• **The task**: In the entries that follow, find the line containing "Black and White"; from there, copy every line exactly through the line containing "- Морковь очищаем, нарезаем".
** Available data follows **
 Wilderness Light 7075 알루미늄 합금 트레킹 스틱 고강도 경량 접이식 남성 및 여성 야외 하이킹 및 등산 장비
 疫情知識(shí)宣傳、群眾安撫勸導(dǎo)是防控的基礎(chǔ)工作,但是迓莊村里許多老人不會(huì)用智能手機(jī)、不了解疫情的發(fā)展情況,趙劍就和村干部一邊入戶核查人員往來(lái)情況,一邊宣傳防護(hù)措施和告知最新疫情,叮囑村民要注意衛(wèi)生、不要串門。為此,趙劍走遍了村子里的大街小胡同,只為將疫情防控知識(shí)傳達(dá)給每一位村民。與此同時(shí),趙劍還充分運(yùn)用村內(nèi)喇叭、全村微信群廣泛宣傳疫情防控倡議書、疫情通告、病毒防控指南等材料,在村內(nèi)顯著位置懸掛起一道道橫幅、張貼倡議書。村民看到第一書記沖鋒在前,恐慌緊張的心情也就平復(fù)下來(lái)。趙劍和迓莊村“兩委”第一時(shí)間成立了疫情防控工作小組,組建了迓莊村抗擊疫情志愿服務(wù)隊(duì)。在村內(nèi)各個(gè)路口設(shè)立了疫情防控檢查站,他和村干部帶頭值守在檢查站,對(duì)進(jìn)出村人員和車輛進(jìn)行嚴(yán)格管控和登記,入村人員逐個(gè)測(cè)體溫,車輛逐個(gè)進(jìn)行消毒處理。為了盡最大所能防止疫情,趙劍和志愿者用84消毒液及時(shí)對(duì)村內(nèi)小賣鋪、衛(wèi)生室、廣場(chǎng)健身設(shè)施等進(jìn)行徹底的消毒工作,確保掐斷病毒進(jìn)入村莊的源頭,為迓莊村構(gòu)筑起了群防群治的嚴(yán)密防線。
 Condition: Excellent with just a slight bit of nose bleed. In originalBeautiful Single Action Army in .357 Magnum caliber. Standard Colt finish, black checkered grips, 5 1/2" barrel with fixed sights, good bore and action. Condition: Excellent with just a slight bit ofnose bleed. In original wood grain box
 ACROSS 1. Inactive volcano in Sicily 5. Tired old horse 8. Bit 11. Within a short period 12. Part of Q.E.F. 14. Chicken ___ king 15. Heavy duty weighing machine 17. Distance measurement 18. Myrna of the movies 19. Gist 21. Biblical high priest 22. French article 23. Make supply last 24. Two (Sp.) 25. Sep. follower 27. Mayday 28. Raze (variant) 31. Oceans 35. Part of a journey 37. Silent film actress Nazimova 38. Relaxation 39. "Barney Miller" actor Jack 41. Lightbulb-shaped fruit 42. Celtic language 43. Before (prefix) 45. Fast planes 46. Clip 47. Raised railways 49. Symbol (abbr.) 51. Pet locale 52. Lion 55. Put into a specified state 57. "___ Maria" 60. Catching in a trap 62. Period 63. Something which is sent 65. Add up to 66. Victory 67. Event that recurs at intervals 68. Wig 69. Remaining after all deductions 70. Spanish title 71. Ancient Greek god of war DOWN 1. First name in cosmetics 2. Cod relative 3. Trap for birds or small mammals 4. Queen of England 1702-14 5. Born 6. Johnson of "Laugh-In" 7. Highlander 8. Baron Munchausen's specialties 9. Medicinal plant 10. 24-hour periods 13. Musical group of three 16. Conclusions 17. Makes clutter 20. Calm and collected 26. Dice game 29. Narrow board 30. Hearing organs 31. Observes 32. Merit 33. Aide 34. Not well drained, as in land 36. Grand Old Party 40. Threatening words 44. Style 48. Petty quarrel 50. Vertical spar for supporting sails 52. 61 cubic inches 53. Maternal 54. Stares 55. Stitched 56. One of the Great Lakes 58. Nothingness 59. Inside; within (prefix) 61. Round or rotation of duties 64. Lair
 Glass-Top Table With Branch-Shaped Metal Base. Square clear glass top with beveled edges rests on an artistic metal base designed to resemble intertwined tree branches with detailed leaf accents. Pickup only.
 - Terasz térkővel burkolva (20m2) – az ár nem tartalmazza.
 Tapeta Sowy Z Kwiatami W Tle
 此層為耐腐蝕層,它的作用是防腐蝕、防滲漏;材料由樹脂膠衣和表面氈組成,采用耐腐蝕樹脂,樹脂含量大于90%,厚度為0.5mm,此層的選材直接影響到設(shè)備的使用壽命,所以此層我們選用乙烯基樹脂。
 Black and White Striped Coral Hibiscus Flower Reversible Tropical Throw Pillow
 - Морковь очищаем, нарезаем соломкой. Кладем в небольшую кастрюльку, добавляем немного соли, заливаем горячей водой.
** End of Available data **
** Available data follows **
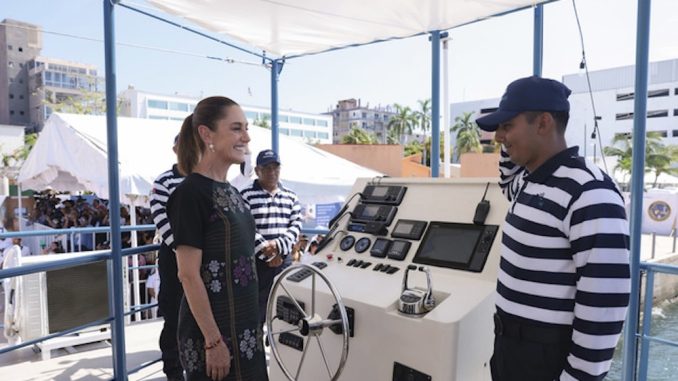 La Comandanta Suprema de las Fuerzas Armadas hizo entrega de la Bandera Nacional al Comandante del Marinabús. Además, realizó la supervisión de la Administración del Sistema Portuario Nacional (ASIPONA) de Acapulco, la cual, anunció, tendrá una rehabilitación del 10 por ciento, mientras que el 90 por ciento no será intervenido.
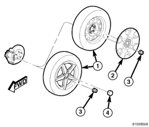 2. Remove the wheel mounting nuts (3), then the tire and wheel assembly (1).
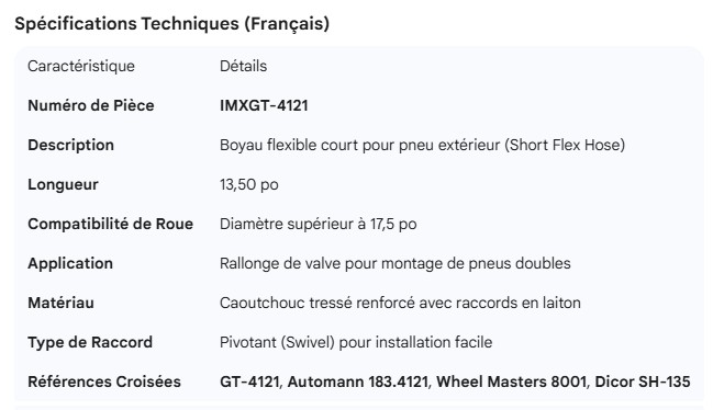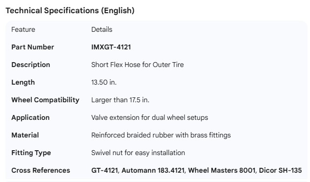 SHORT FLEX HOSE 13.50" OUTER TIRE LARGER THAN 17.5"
** End of Available data **
• **Task solution**:
 Black and White Striped Coral Hibiscus Flower Reversible Tropical Throw Pillow
 - Морковь очищаем, нарезаем соломкой. Кладем в небольшую кастрюльку, добавляем немного соли, заливаем горячей водой.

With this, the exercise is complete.